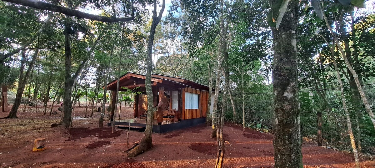 Rústica y sencilla cabaña de madera frente al lago Urugua-í, en un paraje rural a 30 km de las Cataratas del Iguazú. Posee lo indispensable para los aventureros que recorren y disfrutan de la selva paranaense. Cocina con equipamiento básico: fogón, heladera con freezer y utensilios. Aire acondicionado, un wifi bastante malo, agua caliente, kayak para pasear en el lago, y las más bellas puestas de sol en la puerta de tu alojamiento.
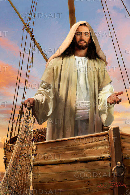 Jesus standing on a boat holding a fishing net inviting us to be a fishers of men by Lars Justinen
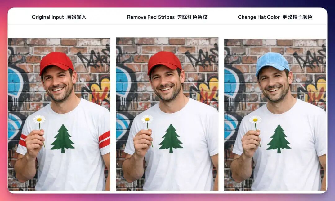 Prompt 示例(移除)“移除男人白色T恤上的树形Logo。不要改变其他任何东西。”
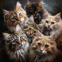 verschillende speciale rassen huiskatten in en rondom huis groepsfoto
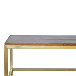 This rectangular coffee table has a refined shape and is topped by a lovely smooth chestnut finish. The perfect way to show off an industrial style design, this modern coffee table fits into any type of interior. The top is constructed from 100% solid mango wood and the base/legs are made from 100% metal which is finished in a beautiful brass gold.

** To do **
Output each record verbatim and leave out its pictures.

** Response area **
 Rústica y sencilla cabaña de madera frente al lago Urugua-í, en un paraje rural a 30 km de las Cataratas del Iguazú. Posee lo indispensable para los aventureros que recorren y disfrutan de la selva paranaense. Cocina con equipamiento básico: fogón, heladera con freezer y utensilios. Aire acondicionado, un wifi bastante malo, agua caliente, kayak para pasear en el lago, y las más bellas puestas de sol en la puerta de tu alojamiento.
 Jesus standing on a boat holding a fishing net inviting us to be a fishers of men by Lars Justinen
 Prompt 示例(移除)“移除男人白色T恤上的树形Logo。不要改变其他任何东西。”
 verschillende speciale rassen huiskatten in en rondom huis groepsfoto
 This rectangular coffee table has a refined shape and is topped by a lovely smooth chestnut finish. The perfect way to show off an industrial style design, this modern coffee table fits into any type of interior. The top is constructed from 100% solid mango wood and the base/legs are made from 100% metal which is finished in a beautiful brass gold.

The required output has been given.